[What you need to do]
After locating the line with "If you visit" in the entries below, output it and each following line up to and including the line with "这里选择保存模式。输入结构大小和起始位置,然后探测,确保范围包括你的目标建筑。", exactly and without pictures.

[Information given]
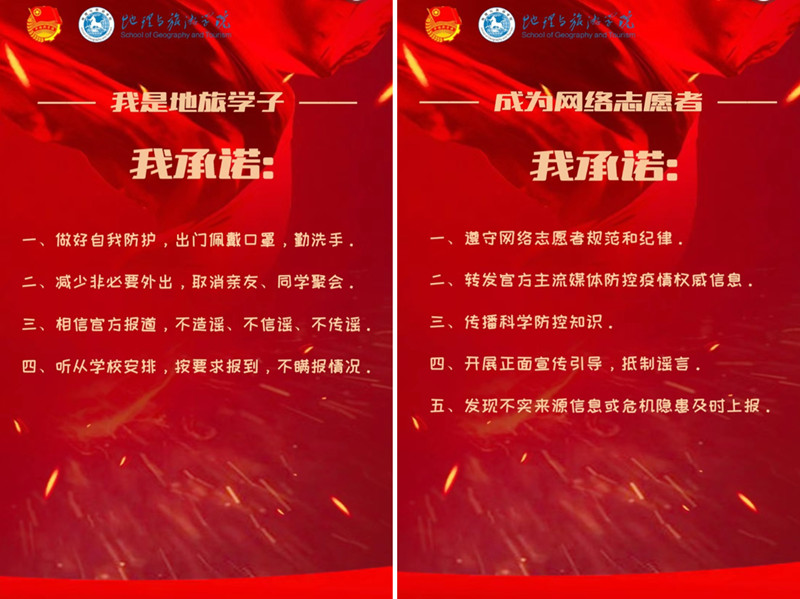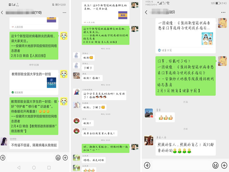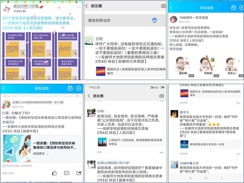 地旅学院旅游本科生党支部书记、院团委书记陈祥云介绍:“我们要求志愿者们统一转发的信息,在选择时一定是慎之又慎。并且,为了体现内容规范性和可靠性,每条统一转发的信息都由我本人确定和发布,并要求志愿者按照统一格式配文,注明信息来源,亮明疫情防控网络志愿者身份。志愿者们也都积极响应、严格执行。‘规定动作’一定要做到‘有模有样’!”
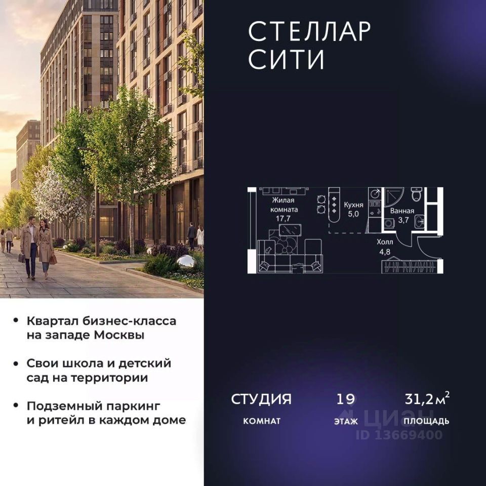 Продается квартира от надежного застройщика Tashir Estate в квартале бизнес-класса Stellar City в ЗАО Москвы.
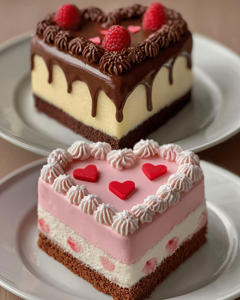 Once cooled, layer the cakes with your favorite frosting. A creamy buttercream or a rich chocolate ganache works beautifully. Decorate the top with fresh berries or romantic sprinkles. Cut into slices and serve with love!
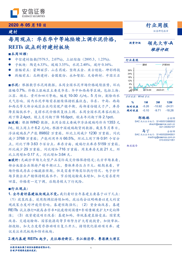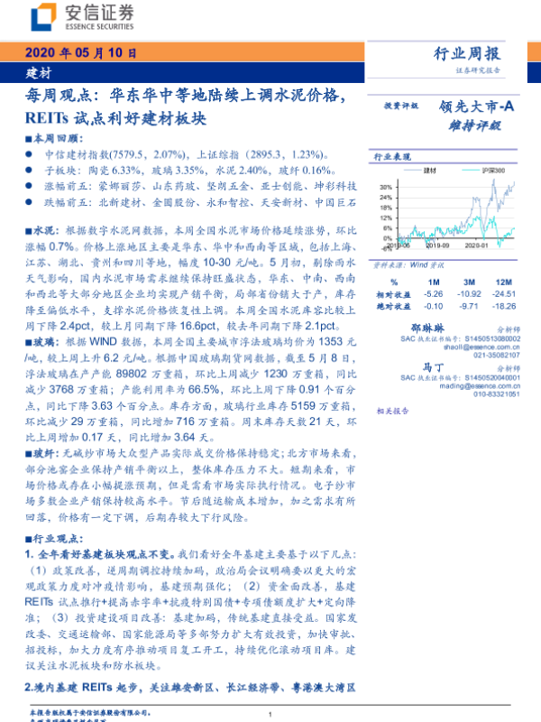 【安信证券】【20200510】每周观点:华东华中等地陆续上调水泥价格,REITs试点利好建材板块-16页
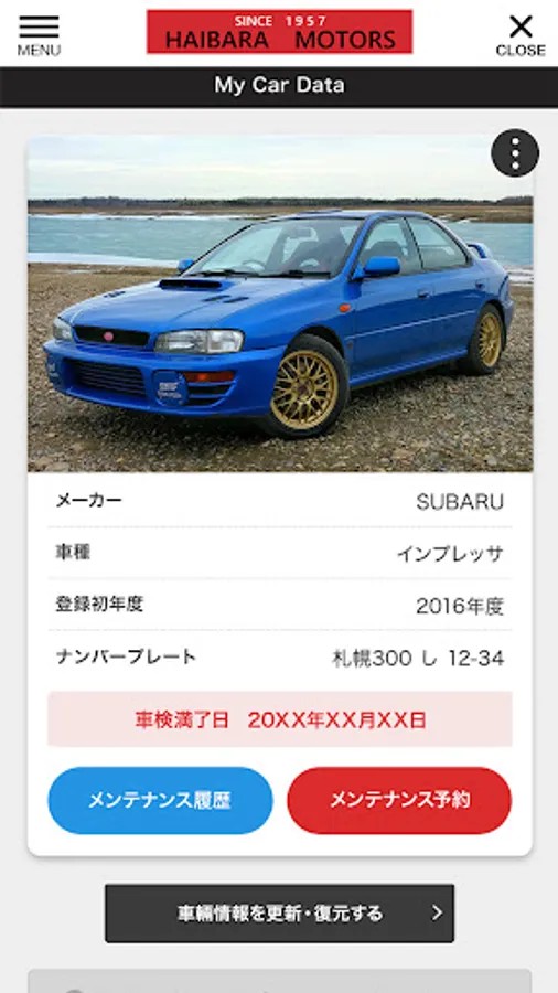 If you visit the store once and have your car registered, enter the necessary information in the app and you can check the vehicle inspection time of your car on the app!
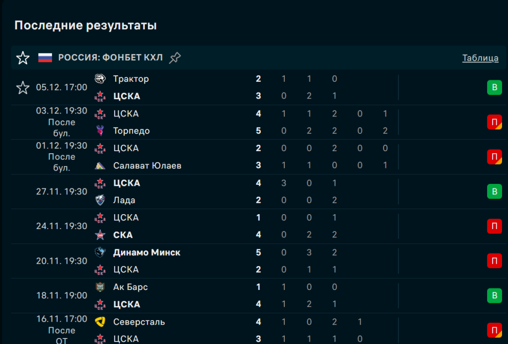 - ЦСКА не выигрывает в основное время в 5 из 6 последних матчей
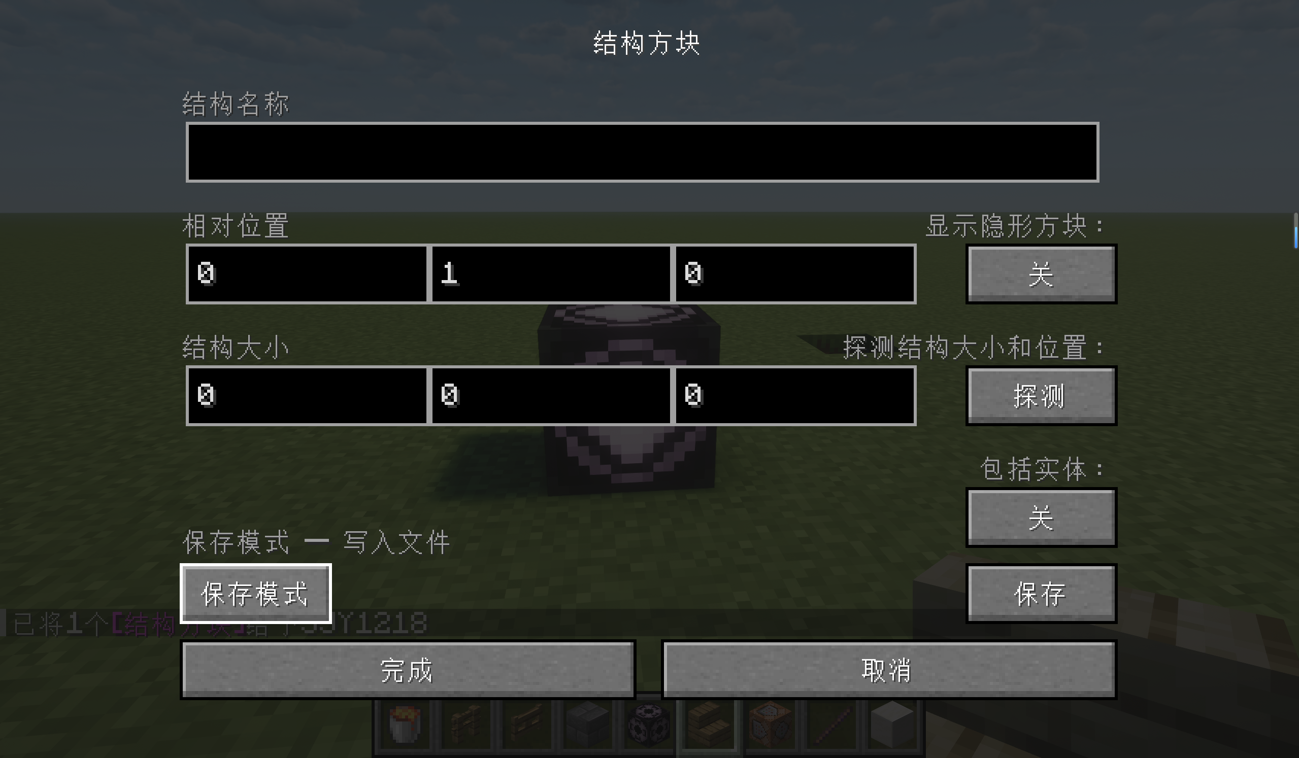 这里选择保存模式。输入结构大小和起始位置,然后探测,确保范围包括你的目标建筑。
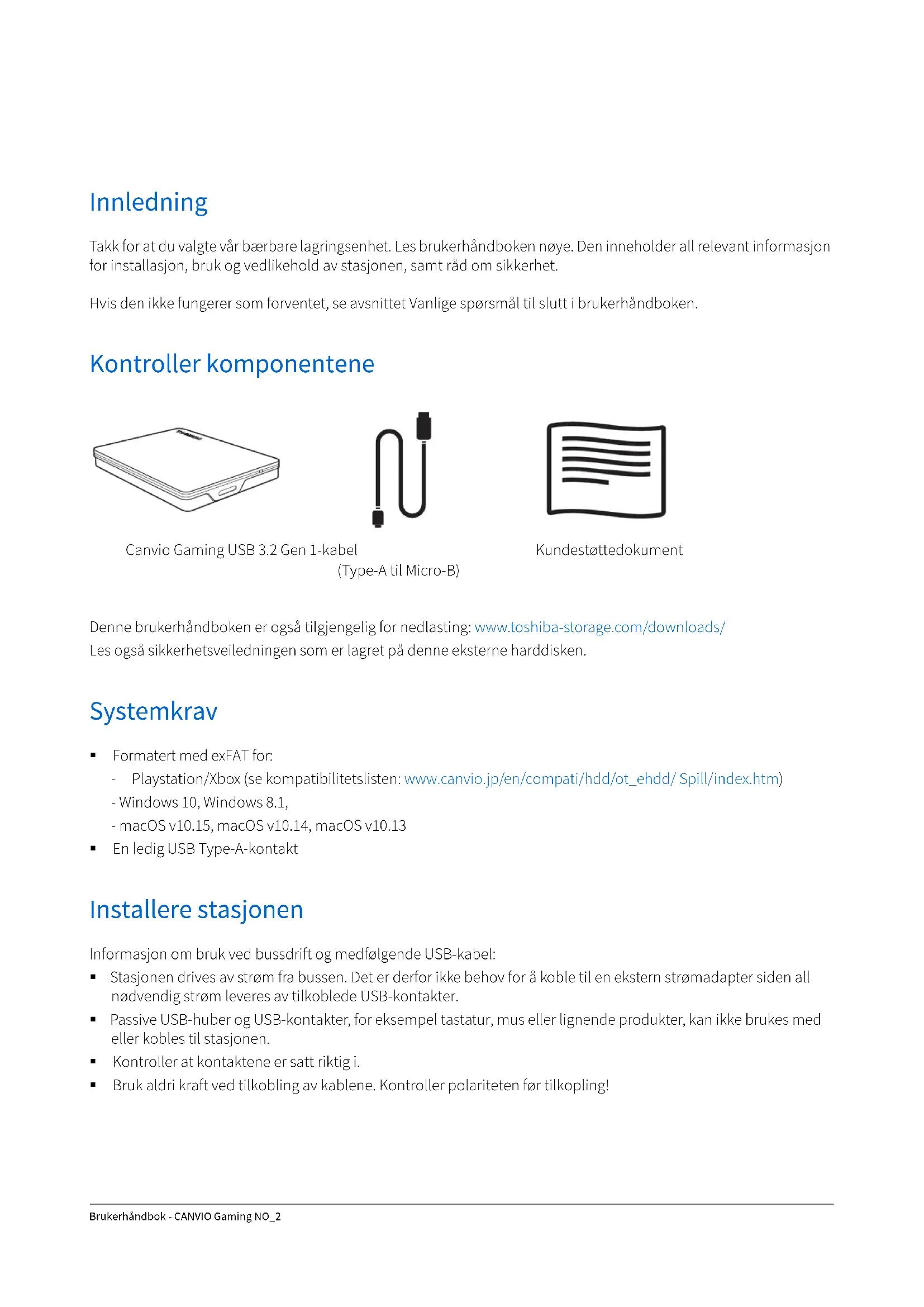 Når jeg prøver å formatere stasjonen, vises meldingen Could not complete format (Kan ikke fullføre formateringen). Sv: Dette kan skyldes at du formaterer stasjonen med et FAT-filsystem. Prøv et NTFS-filsystem. Dette bør løse problemet. TOSHIBA Kundestøtte Trenger du hjelp? Gå til Toshibas kundestøtteside for harddisker og lagringsenheter: www.toshiba-storage.com/support For garantikrav, se www.toshiba-storage.com/warranty-claims Når du formaterer stasjonen, blir alle dataene på den slettet. MERKBrukerhåndbok - CANVIO Gaming NO_6 Informasjon om regelverk CE-merking Arbeidsomgivelser Elektromagnetisk kompatibilitet (EMC) for dette produktet er kontrollert for denne produktkategorien i «husholdninger, kontorer og lettere industrimiljøer». Andre arbeidsmiljøer er ikke kontrollert av Toshiba, og bruk av dette utstyret i slike miljøer kan være forbudt eller kan ikke anbefales. Mulige konsekvenser av å bruke dette produktet i ikke-- kontrollerte driftsmiljøer kan blant annet være: interferens mellom andre produkter og dette produktet i nærheten med midlertidig funksjonsfeil eller tap av data som resultat. Eksempel på ikke-verifiserte driftsmiljøer og relaterte råd: Tyngre industrimiljøer (for eksempel miljøer med en trefasespenning på 380 V): Fare for interferens for dette produktet på grunn av kraftig elektromagnetisk felt, spesielt i nærheten av stort maskineri eller strømforsyningsenheter. Medisinske miljøer: Overholdelse av det medisinske produktdirektivet (Medical Product Directive) er ikke kontrollert av Toshiba, og dette produktet kan derfor ikke brukes som medisinsk produkt uten ytterligere kontroll. Bruk i vanlige kontormiljøer, for eksempel sykehus, skal ikke være et problem hvis det ikke er noen begrensninger fra ansvarlig ledelse. Bil i bevegelse: Se i eierveiledningen for det aktuelle kjøretøyet for råd angående bruk av dette produktet (kategori). Flymiljøer: Følg instruksjonene som flypersonalet gir, når det gjelder begrensninger for bruken. Ekstra miljøer som ikke er relatert til EMC Utendørsbruk: Som vanlig hjemme-/kontorutstyr har ikke dette produktet spesiell motstand mot fuktighetsinntrengning, og er ikke støtsikker. Eksplosiv atmosfære: Bruk av dette produktet i slike spesielle driftsmiljøer (Ex) er ikke tillatt. Følgende informasjon gjelder bare for EU-land: Samsvarserklæring for REACH Toshiba vil overholde alle REACH-krav (Registration, Evaluation, Authorization and Restriction of Chemicals), og vi er forpliktet til å gi kundene våre informasjon om kjemiske stoffer i produktene våre i henhold til REACH-regelverket. Kassering av produkter Følgende informasjon gjelder bare for Tyrkia: Overholder AEEE-direktivet. Dette produktet er CE-merket i henhold til kravene i gjeldende EU-direktiver. Ansvarlig for CE-merking er Toshiba Electronics Europe GmbH, Hansaallee 181, 40549 Düsseldorf, Tyskland. Symbolet angir at dette produktet ikke skal behandles som husholdningsavfall. Hvis du passer på at dette produktet kastes på riktig måte, hjelper du å forhindre mulige negative skadevirkninger på miljøet og helsen, som ellers kan forårsakes av feil avfallshåndtering av produktet. Hvis du vil ha nærmere informasjon om gjenvinning av dette produktet, tar du kontakt med det lokale kontoret, renovasjonsselskapet for husholdningsavfall eller butikken der du kjøpte produktet.Merknader ©2020 TOSHIBA Electronics Europe GmbH. Med enerett. Toshiba forbeholder seg retten til å gjøre tekniske endringer. Toshiba påtar seg ikke ansvar for skader som oppstår direkte eller indirekte på grunn av feil, utelatelser eller uoverensstemmelser mellom produktet og håndboken. Toshiba-navnet og Toshiba-logoene er registrerte varemerker for Toshiba. macOS er et varemerke for Apple Inc. Andre selskapsnavn, produktnavn og tjenestenavn kan være varemerker for sine respektive selskaper. Produktspesifikasjoner, konfigurasjoner, farger, komponenter og service kan endres uten varsel. En gigabyte (GB) betyr én milliard byte og en terabyte (TB) betyr én billion byte. Total tilgjengelig kapasitet vil variere basert på driftsmiljø, og resultatene og lagringskapasiteten vil variere tilsvarende. Operativsystemet på en datamaskin rapporterer imidlertid lagringskapasitet ved å bruke potenser av 2 for definisjonen av 1 TB = 2
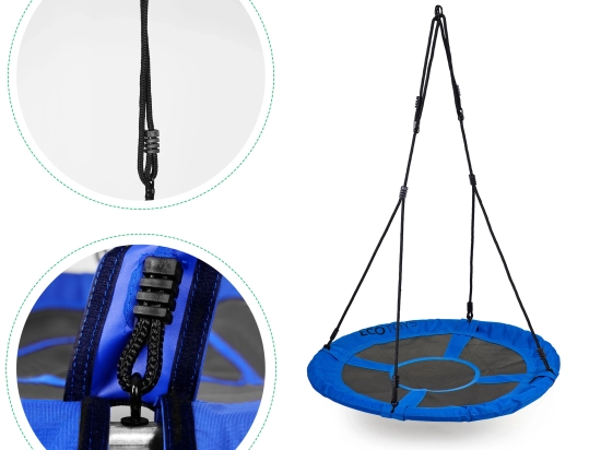 - Varnostni elementi: Sedež je zaščiten z mehko peno, vrvi pa imajo varnostne kovinske obročke.
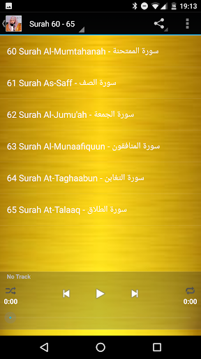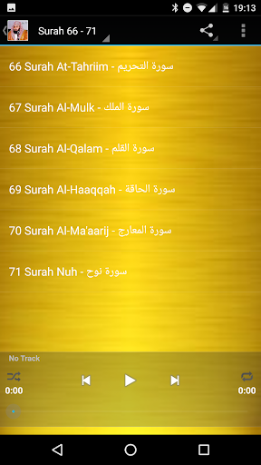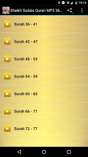 This app lets you listen to the recitation of surah 36-77, from the Holy Quran by Abdul Rahman Al Sudais. Requires no downloads or streaming just install the app and select the surah to listen.

[Task result]
 If you visit the store once and have your car registered, enter the necessary information in the app and you can check the vehicle inspection time of your car on the app!
 - ЦСКА не выигрывает в основное время в 5 из 6 последних матчей
 这里选择保存模式。输入结构大小和起始位置,然后探测,确保范围包括你的目标建筑。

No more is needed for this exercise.